Dachshunds are tracking dogs that were bred to hunt badgers and other tunnel animals, rabbits and foxes. Hunters even used packs of Dachshunds to track wild boars. Today, their versatility makes them excellent family companions, show dogs, and small game hunters.
The Dachshund originated in Germany where it was known as the Dachshund, dachs meaning das and hund meaning dog. Images of dogs resembling dachshunds date back to the 15th century, and documents from the 16th century mention the "earth dog," "badger creeper," and "dachsel." The badger was not the Dachshund's only prey. He was also used on dens like foxes, and packs of Dachshunds followed wild boars. Those early Dachshunds varied greatly in size. The dogs used on badgers and wild boars weighed 13 to 15 kg. Dachshunds used to hunt foxes and deer weighed 7 to 10 kg, and smaller 6 kg Dachshunds hunted hares and weasels. For a short time in the early 20th century, 2 kg Dachshunds were used to shoot cottontail rabbits.

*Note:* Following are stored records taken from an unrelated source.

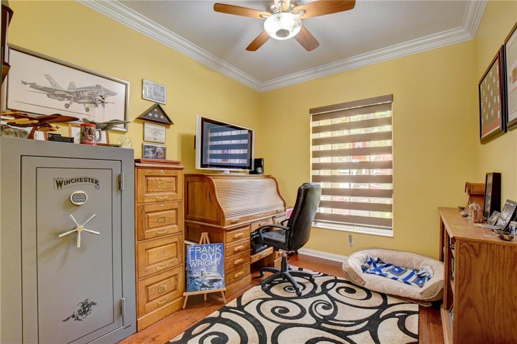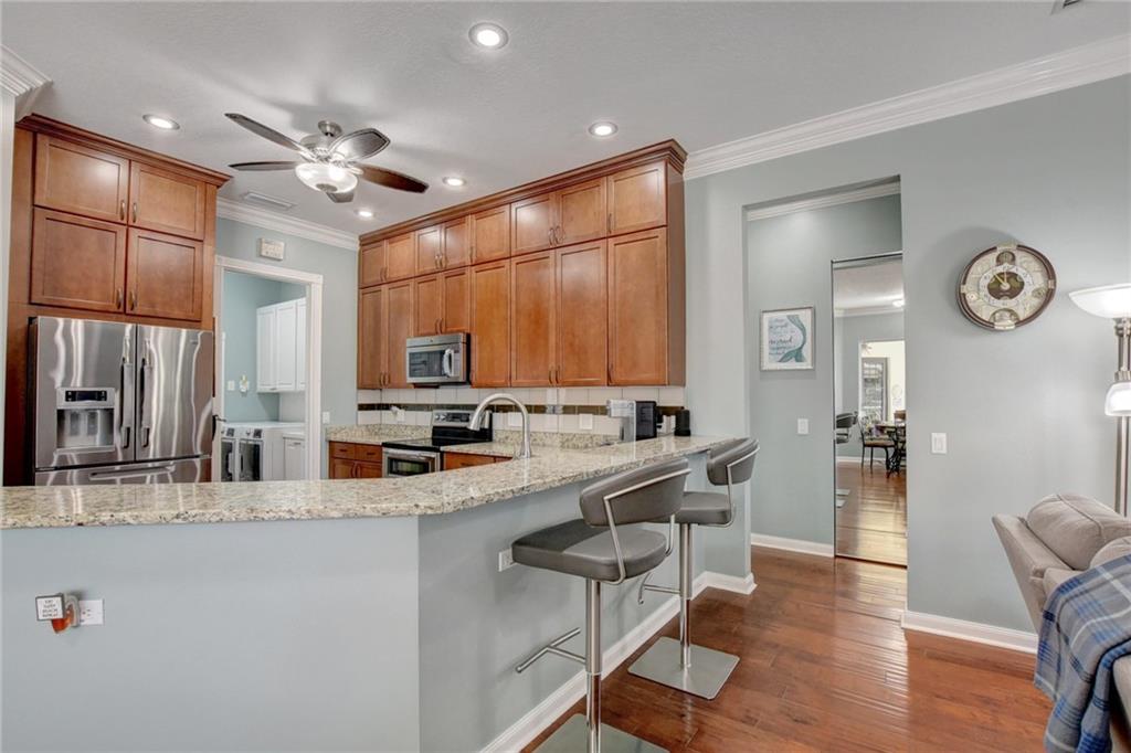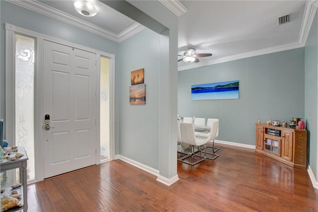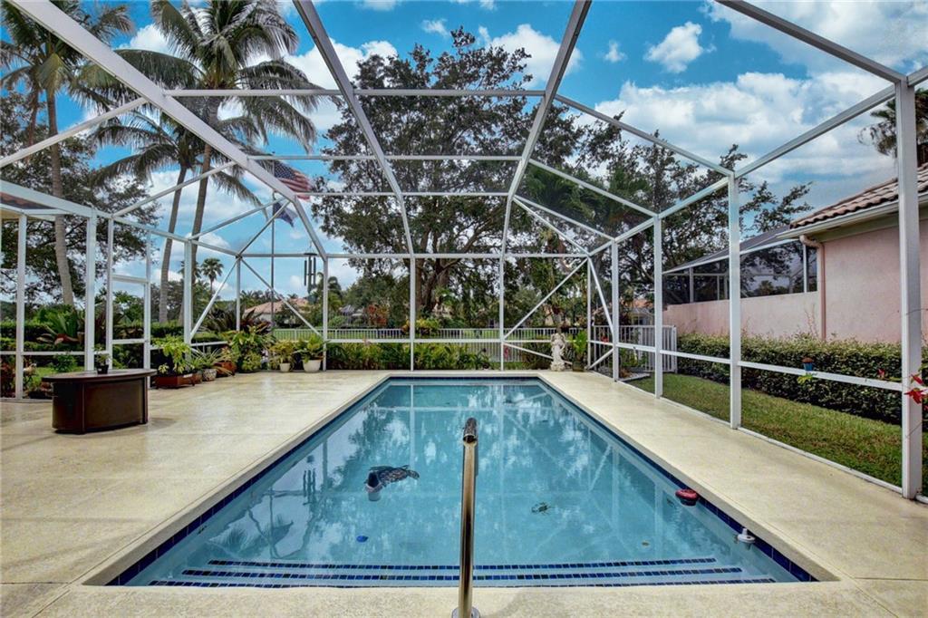 Step in to your new home! This highly updated Windsor shows like a model. Features include gorgeous wood flooring throughout, overlooking lake views & a pool. The kitchen boasts custom cabinetry, high end granite, designer finishes, double oven, custom breakfast bar, double dishwasher, updated stainless appliances, extra lighting & custom crown molding throughout the home. All sliders have been replaced with spectacular french doors all protected with accordian shutters & a generator for hurricane season! 4 bedrooms, plus a den & 3 full baths flow in a split plan for privacy. Newer A/C upgraded vents, central vac system & new marcite in the pool makes this home look & feel brand new. It is meticulously maintained, has absolutely everything for entertaining or enjoying your privacy.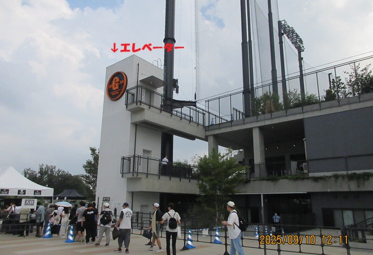 入場口そばのGマークが入ったタワーがエレベーターで、入場口、1階スタンド、2階スタンドともにバリアフリーで移動可能。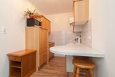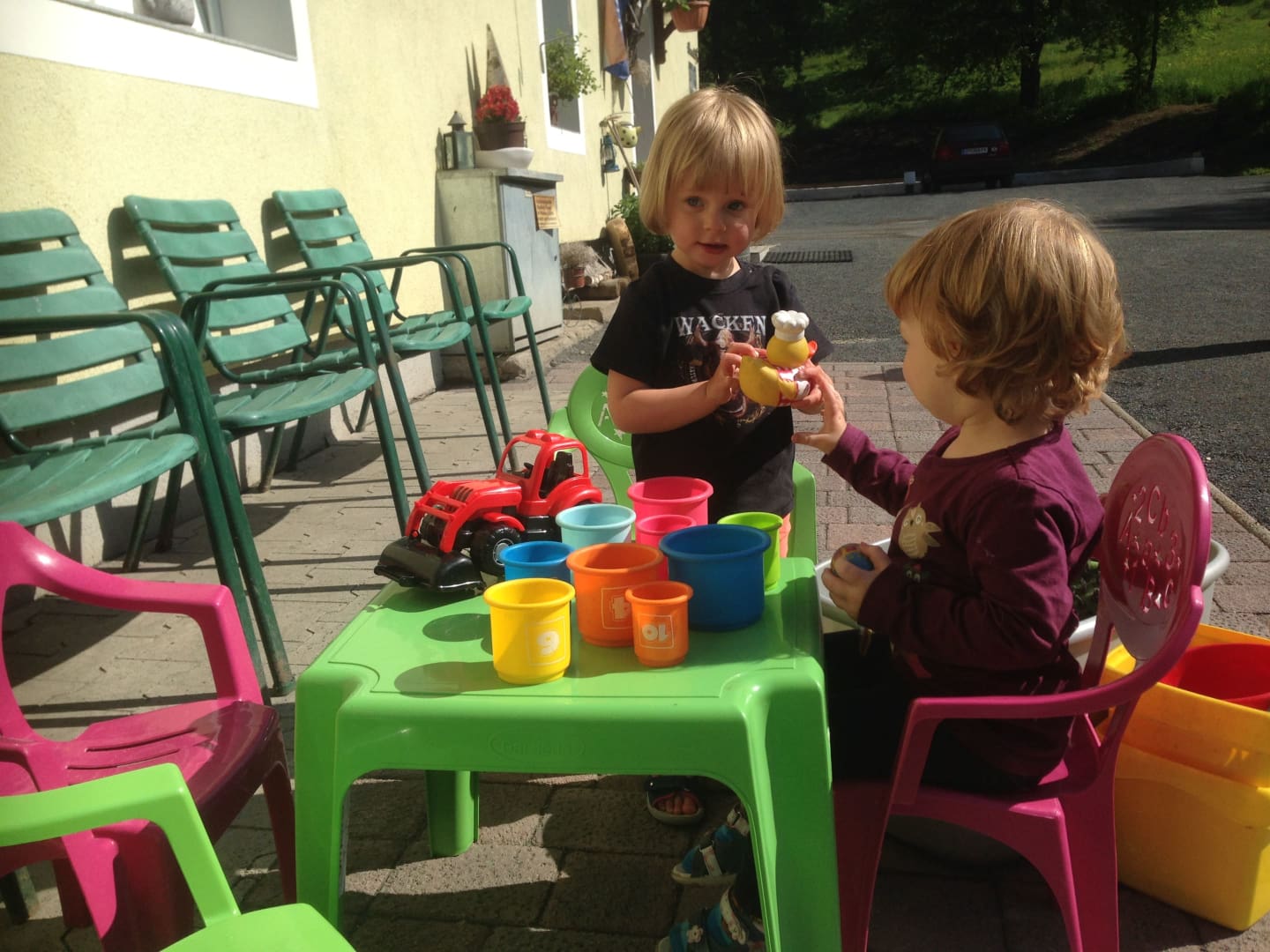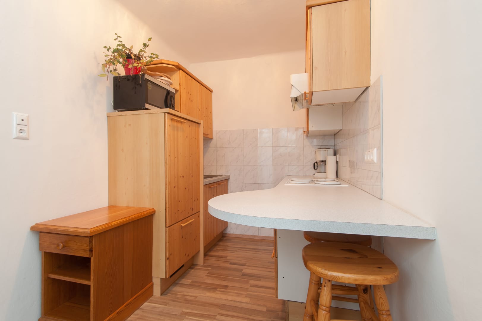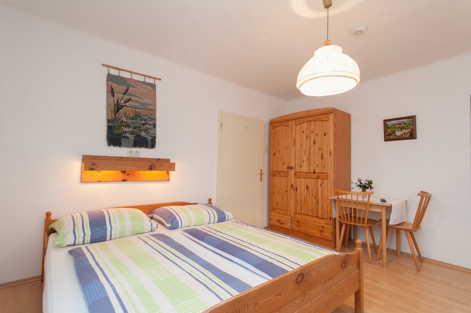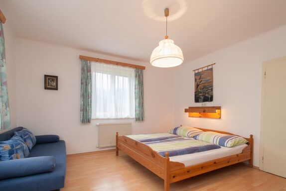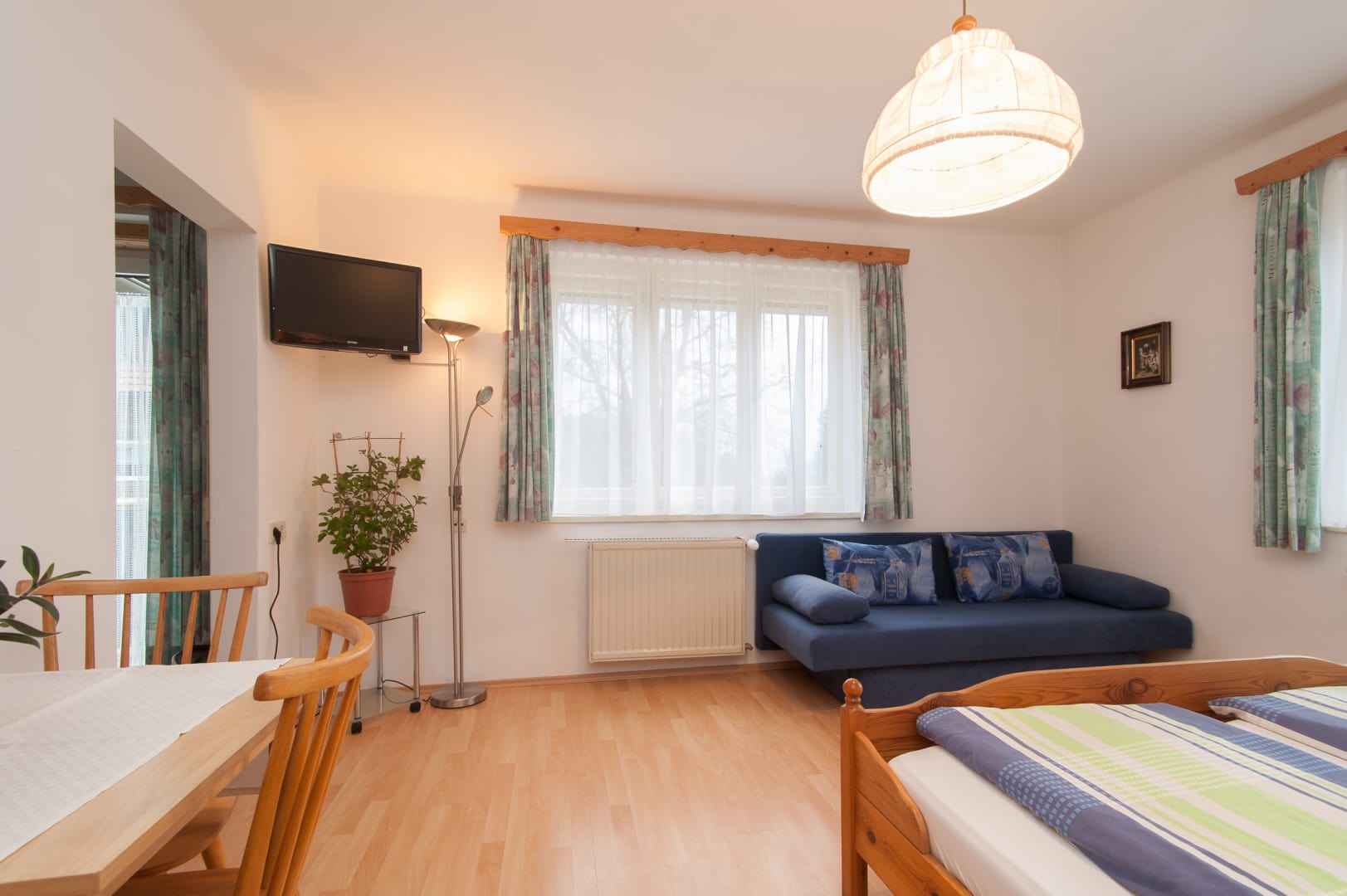 Diese Ferienwohnung im Nebengebäude im 1.Stock ist mit einer Ausziehcouch ideal für eine 3köpfige Famlie und hat mit ihren kleinen Balkon perfekte Übersicht über den Gastgarten und Teile des Hofes.

The Dachshund is described as smart, lively and courageous to the point of recklessness. He is bred for perseverance, which is another way of saying he can be stubborn. Dachshunds have a reputation for being entertaining and fearless, but what they want most is to cuddle with their owners. For many Dachshund people, this trait outweighs the fact that they have to deal with the fact that the breed wants to have its own way. Dachshund personality can also vary with coat type. Because wirehaired dachshunds have terriers in their background, they can be mischievous troublemakers. Longhairs are calm and quiet, and shorthairs have a personality that is somewhere in between.